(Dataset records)
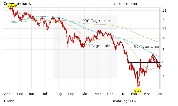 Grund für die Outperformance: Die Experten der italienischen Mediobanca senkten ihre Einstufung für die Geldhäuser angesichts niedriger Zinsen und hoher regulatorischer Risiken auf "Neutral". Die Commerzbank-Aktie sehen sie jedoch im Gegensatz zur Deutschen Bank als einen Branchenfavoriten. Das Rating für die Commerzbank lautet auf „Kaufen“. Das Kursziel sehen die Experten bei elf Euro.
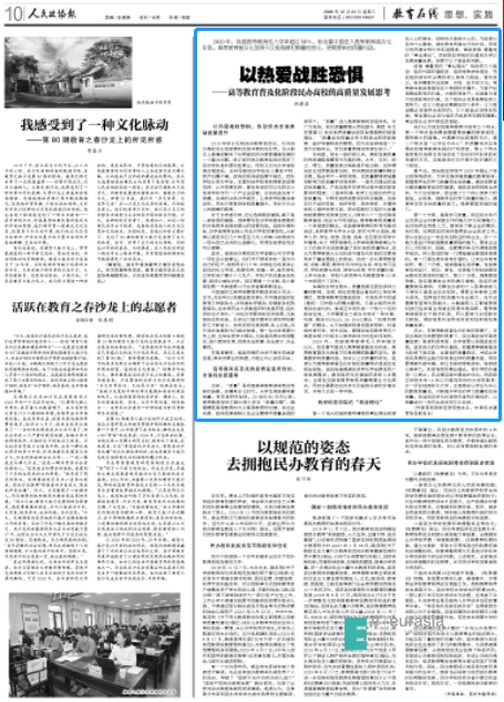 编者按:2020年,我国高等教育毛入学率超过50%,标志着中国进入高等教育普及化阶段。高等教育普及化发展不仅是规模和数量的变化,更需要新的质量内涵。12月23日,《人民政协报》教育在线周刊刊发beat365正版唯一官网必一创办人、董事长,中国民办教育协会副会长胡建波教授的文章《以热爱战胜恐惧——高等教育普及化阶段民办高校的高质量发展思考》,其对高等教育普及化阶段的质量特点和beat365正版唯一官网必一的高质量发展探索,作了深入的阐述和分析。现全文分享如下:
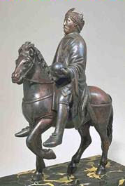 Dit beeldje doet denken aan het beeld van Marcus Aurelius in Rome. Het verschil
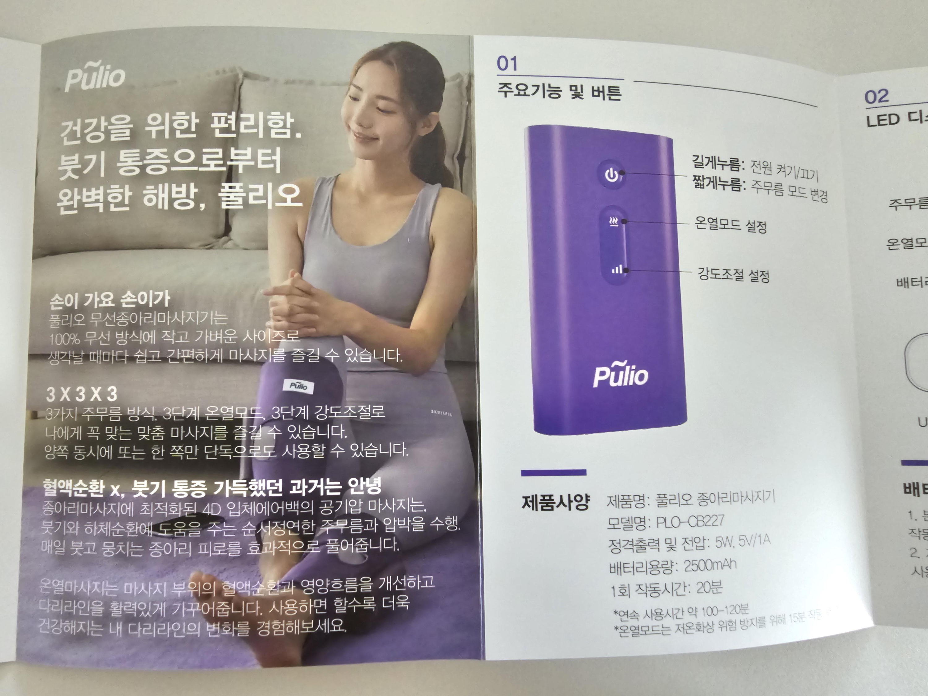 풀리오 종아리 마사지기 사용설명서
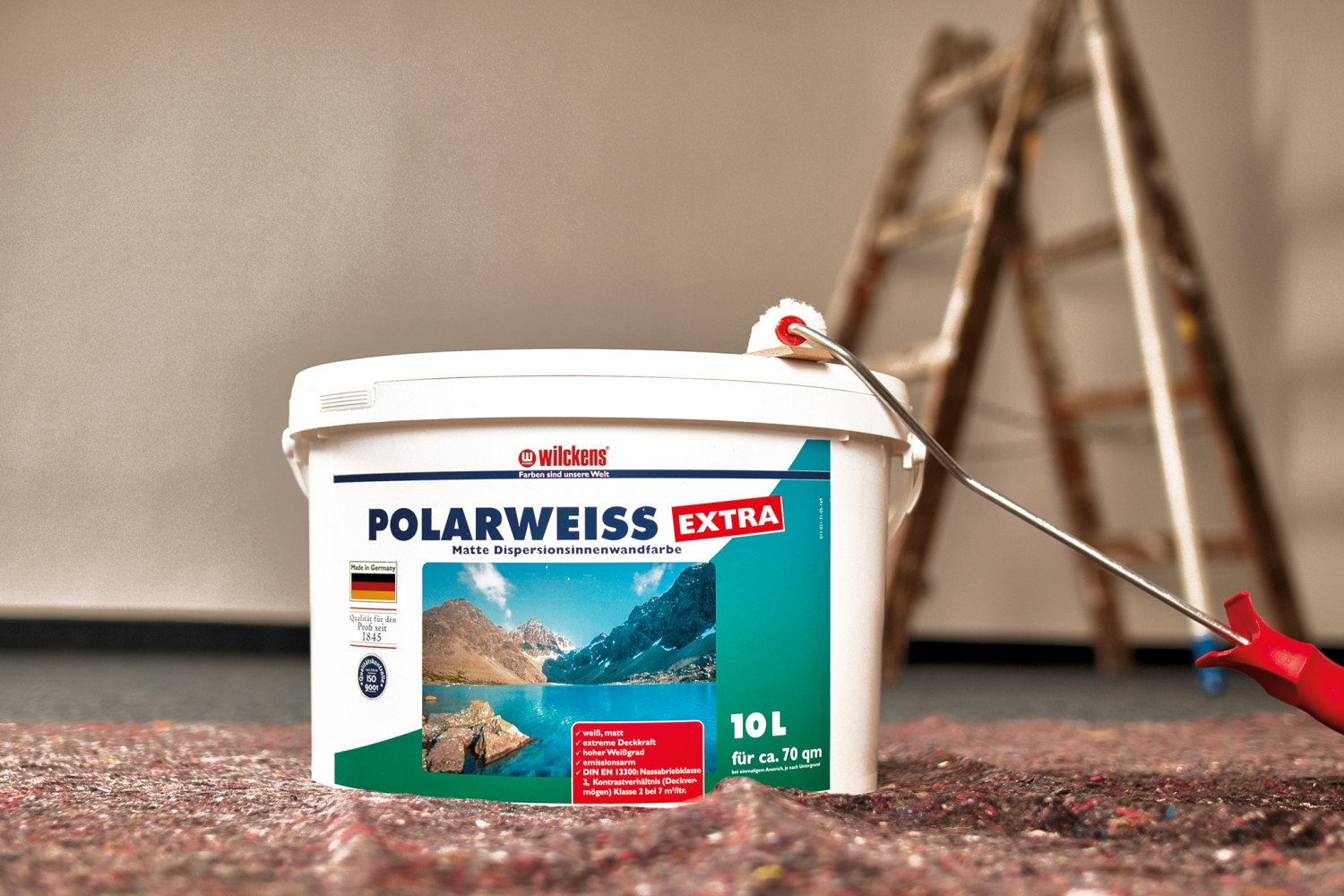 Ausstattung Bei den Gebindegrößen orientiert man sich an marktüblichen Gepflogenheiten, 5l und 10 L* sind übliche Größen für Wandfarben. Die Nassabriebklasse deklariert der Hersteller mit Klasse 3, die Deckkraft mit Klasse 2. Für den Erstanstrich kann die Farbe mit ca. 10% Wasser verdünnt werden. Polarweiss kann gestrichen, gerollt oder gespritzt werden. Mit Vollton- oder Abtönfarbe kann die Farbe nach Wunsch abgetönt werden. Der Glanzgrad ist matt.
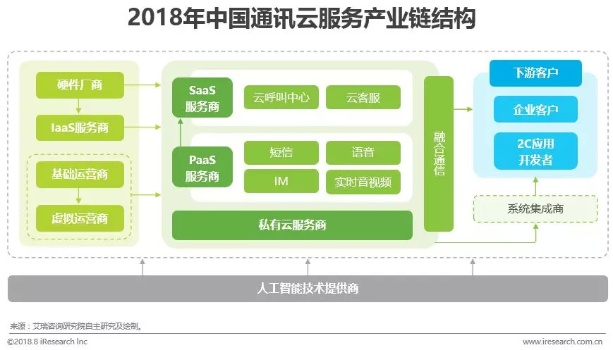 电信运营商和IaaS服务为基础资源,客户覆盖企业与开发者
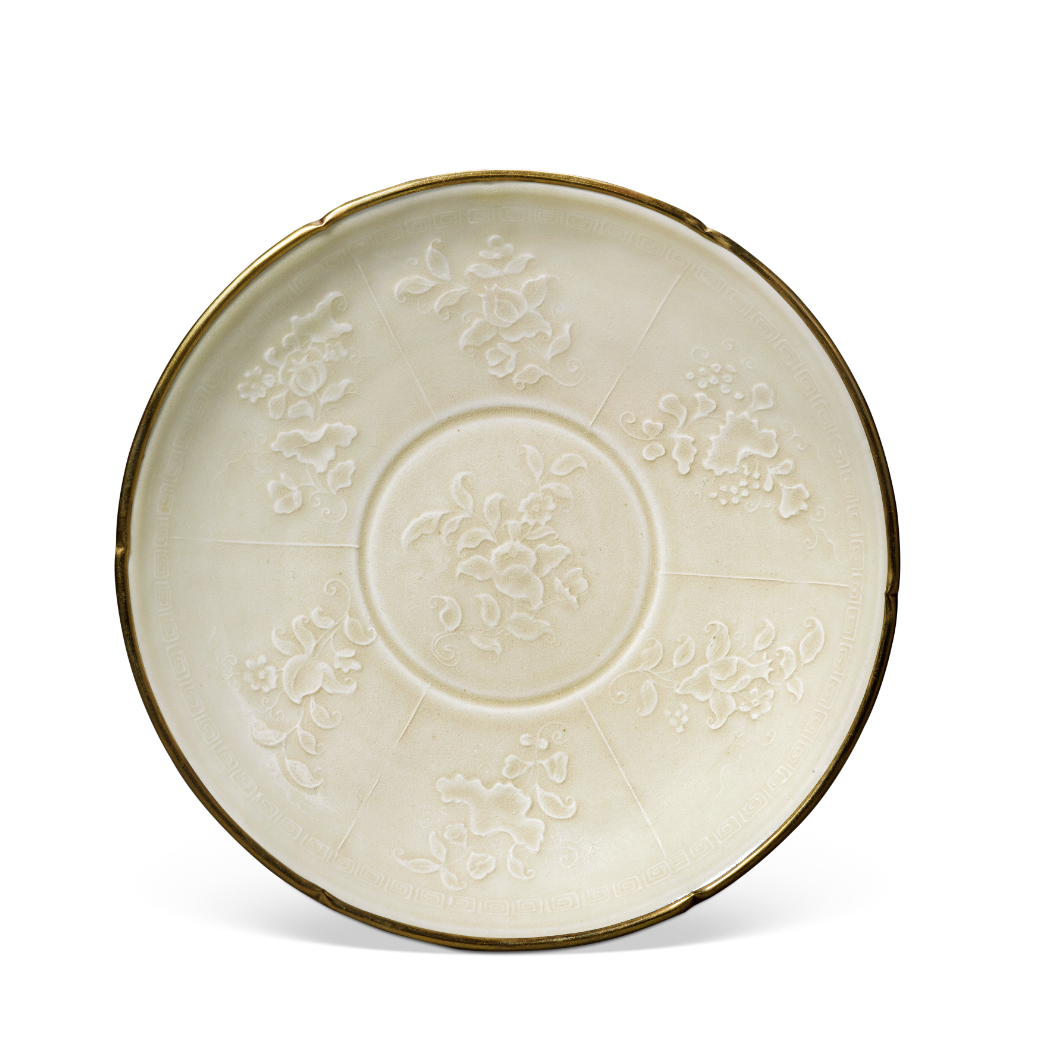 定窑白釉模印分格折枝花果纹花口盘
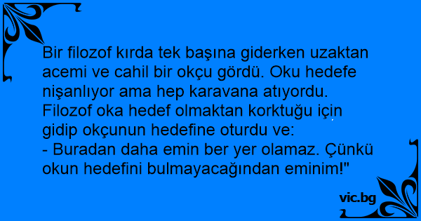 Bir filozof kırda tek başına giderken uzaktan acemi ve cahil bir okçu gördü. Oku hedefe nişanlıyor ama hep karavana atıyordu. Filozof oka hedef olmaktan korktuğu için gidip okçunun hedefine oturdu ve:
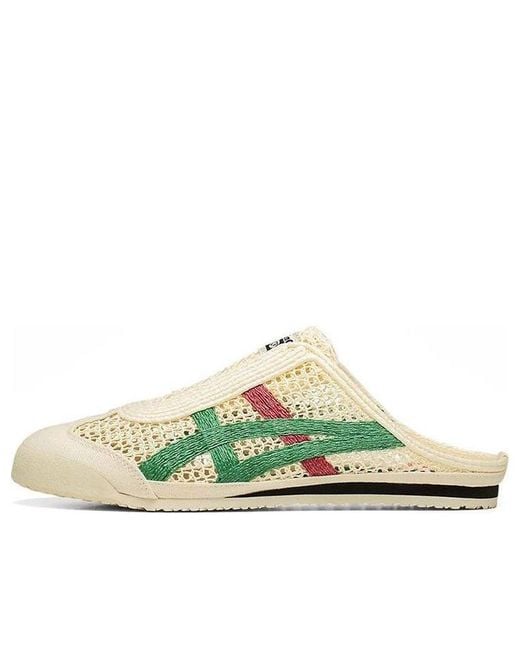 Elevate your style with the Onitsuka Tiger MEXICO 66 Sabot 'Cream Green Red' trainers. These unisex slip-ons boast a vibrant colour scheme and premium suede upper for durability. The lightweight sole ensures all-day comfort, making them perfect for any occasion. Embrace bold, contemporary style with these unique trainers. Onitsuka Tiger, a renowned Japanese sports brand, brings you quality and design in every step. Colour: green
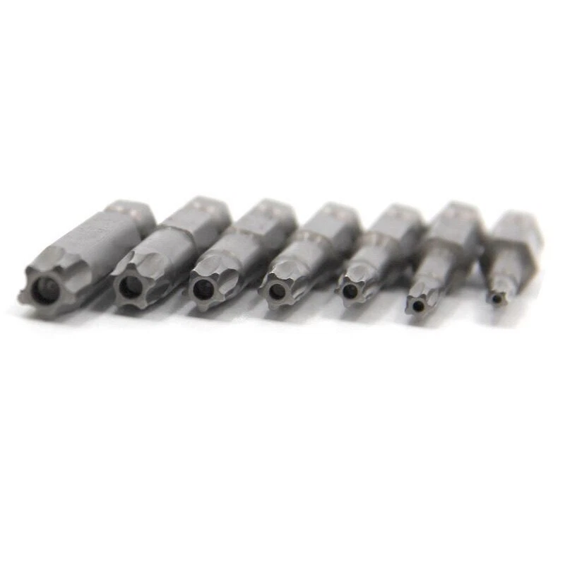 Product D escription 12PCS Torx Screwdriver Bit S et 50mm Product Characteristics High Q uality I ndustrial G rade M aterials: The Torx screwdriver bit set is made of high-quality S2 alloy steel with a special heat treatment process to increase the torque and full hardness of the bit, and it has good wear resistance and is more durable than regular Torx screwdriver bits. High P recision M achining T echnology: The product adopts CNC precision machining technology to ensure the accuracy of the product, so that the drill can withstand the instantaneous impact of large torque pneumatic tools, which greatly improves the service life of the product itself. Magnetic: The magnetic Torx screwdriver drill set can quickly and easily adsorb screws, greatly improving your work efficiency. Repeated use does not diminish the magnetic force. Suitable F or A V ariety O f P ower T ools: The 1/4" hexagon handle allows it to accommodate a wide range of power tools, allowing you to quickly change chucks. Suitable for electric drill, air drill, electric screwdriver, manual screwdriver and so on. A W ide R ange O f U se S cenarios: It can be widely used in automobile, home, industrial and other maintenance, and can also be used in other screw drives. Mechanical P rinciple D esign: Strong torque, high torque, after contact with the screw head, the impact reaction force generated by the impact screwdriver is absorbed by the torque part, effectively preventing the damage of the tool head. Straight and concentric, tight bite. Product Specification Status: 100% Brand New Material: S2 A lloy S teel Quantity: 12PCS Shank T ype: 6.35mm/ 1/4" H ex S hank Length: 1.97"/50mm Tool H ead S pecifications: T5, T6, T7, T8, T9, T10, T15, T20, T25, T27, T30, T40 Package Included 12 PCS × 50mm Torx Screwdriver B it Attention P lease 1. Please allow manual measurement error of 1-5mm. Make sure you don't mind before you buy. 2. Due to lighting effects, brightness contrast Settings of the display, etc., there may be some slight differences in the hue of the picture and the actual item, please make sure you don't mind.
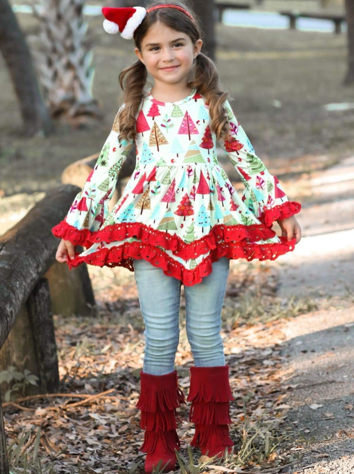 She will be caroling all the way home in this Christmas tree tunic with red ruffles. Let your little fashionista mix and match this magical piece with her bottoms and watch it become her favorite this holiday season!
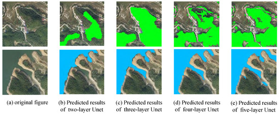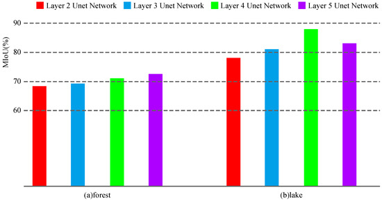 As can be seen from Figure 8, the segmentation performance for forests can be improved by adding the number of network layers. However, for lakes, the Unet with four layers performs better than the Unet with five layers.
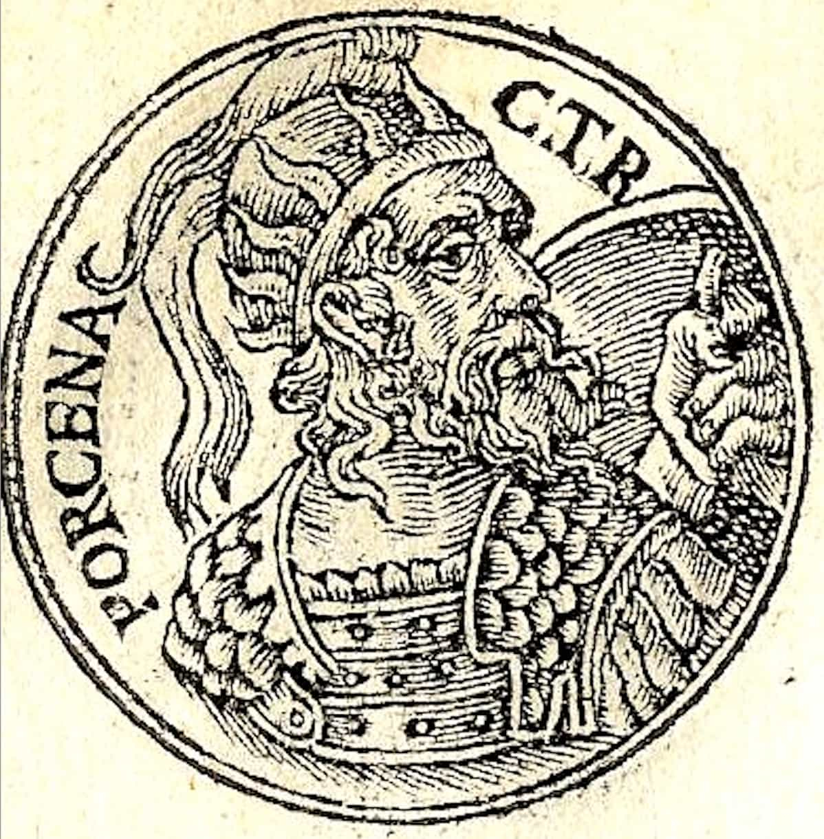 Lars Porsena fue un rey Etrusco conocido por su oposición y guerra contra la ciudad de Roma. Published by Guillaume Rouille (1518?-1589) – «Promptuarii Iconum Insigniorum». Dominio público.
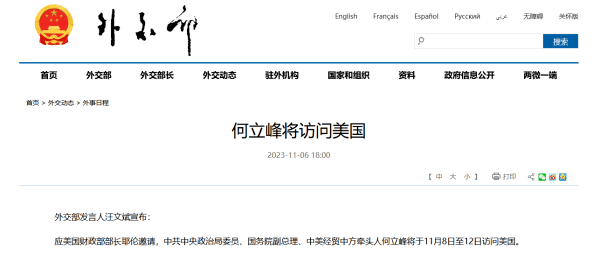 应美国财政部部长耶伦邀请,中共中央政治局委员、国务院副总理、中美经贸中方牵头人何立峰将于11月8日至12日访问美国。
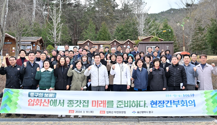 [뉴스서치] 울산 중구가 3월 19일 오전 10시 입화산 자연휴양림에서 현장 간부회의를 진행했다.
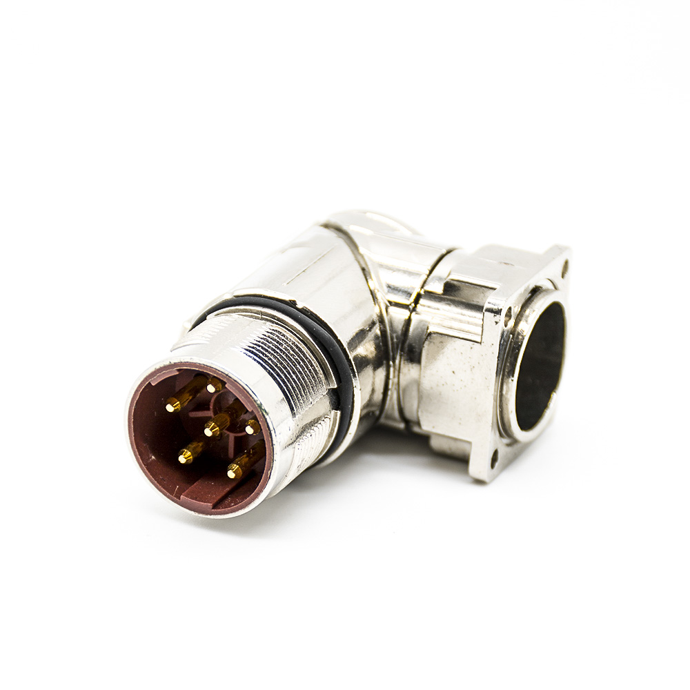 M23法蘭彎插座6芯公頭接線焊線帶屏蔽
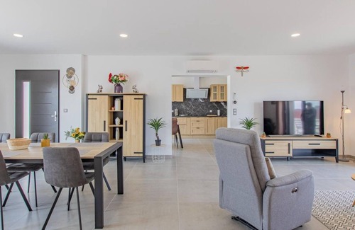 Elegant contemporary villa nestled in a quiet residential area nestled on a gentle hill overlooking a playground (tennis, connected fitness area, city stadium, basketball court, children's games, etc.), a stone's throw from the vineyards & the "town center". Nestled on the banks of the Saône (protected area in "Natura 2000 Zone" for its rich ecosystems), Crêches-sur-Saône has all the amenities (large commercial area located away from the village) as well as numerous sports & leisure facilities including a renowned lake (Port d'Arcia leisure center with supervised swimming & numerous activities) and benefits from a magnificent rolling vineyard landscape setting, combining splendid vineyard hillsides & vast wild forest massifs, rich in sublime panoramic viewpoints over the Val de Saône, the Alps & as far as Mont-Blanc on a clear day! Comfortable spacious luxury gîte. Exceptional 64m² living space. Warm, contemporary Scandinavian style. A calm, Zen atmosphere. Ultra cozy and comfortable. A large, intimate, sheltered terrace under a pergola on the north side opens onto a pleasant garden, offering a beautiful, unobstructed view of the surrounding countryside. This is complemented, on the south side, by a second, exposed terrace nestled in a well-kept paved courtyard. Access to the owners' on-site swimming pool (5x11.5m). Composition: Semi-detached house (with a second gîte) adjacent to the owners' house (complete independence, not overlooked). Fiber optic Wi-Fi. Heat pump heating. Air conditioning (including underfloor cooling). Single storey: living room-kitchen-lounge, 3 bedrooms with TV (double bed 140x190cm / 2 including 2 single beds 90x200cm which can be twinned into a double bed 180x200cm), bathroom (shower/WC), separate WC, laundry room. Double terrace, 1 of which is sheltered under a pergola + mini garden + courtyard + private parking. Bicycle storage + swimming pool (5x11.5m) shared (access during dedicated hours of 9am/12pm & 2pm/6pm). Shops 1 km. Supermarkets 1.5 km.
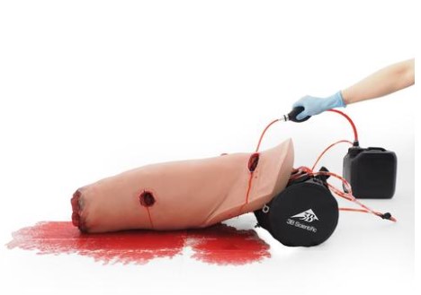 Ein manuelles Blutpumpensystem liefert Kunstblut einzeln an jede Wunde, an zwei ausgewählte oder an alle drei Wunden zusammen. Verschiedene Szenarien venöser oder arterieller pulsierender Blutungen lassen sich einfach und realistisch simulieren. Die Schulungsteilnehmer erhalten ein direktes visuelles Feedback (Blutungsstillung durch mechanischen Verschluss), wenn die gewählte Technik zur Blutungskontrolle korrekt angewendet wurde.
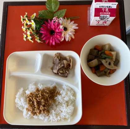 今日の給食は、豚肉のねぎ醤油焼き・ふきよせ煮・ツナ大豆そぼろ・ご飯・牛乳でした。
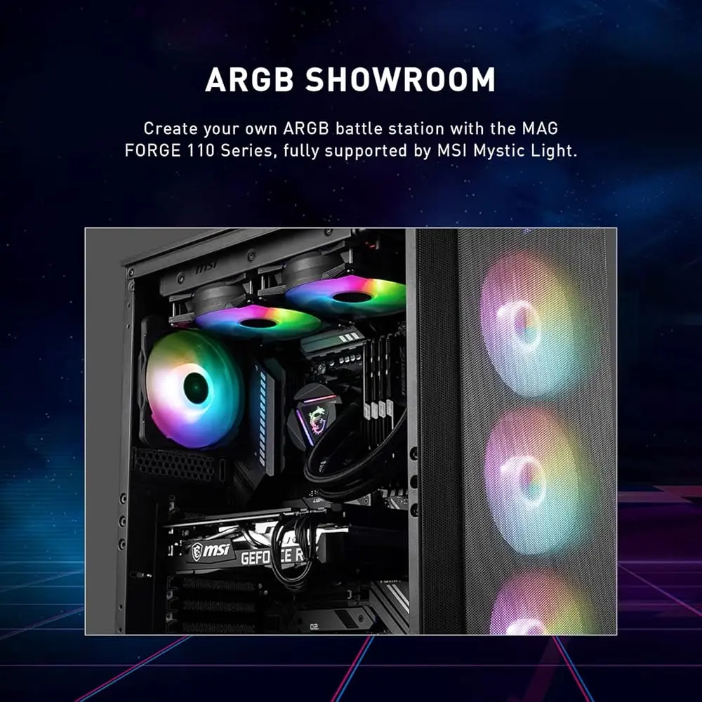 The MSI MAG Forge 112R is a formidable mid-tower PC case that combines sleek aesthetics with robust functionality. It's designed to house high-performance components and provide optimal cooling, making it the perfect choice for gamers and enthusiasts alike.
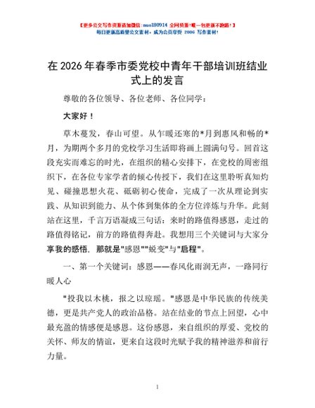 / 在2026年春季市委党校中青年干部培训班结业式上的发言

## What this task involves
From the records above, give again only the part that opens with the line containing "풀리오 종아리 마사지기 사용설명서" and closes with the line containing "Elevate your style". Keep both ends but drop the pictures.

## Output of the task
 풀리오 종아리 마사지기 사용설명서
 Ausstattung Bei den Gebindegrößen orientiert man sich an marktüblichen Gepflogenheiten, 5l und 10 L* sind übliche Größen für Wandfarben. Die Nassabriebklasse deklariert der Hersteller mit Klasse 3, die Deckkraft mit Klasse 2. Für den Erstanstrich kann die Farbe mit ca. 10% Wasser verdünnt werden. Polarweiss kann gestrichen, gerollt oder gespritzt werden. Mit Vollton- oder Abtönfarbe kann die Farbe nach Wunsch abgetönt werden. Der Glanzgrad ist matt.
 电信运营商和IaaS服务为基础资源,客户覆盖企业与开发者
 定窑白釉模印分格折枝花果纹花口盘
 Bir filozof kırda tek başına giderken uzaktan acemi ve cahil bir okçu gördü. Oku hedefe nişanlıyor ama hep karavana atıyordu. Filozof oka hedef olmaktan korktuğu için gidip okçunun hedefine oturdu ve:
 Elevate your style with the Onitsuka Tiger MEXICO 66 Sabot 'Cream Green Red' trainers. These unisex slip-ons boast a vibrant colour scheme and premium suede upper for durability. The lightweight sole ensures all-day comfort, making them perfect for any occasion. Embrace bold, contemporary style with these unique trainers. Onitsuka Tiger, a renowned Japanese sports brand, brings you quality and design in every step. Colour: green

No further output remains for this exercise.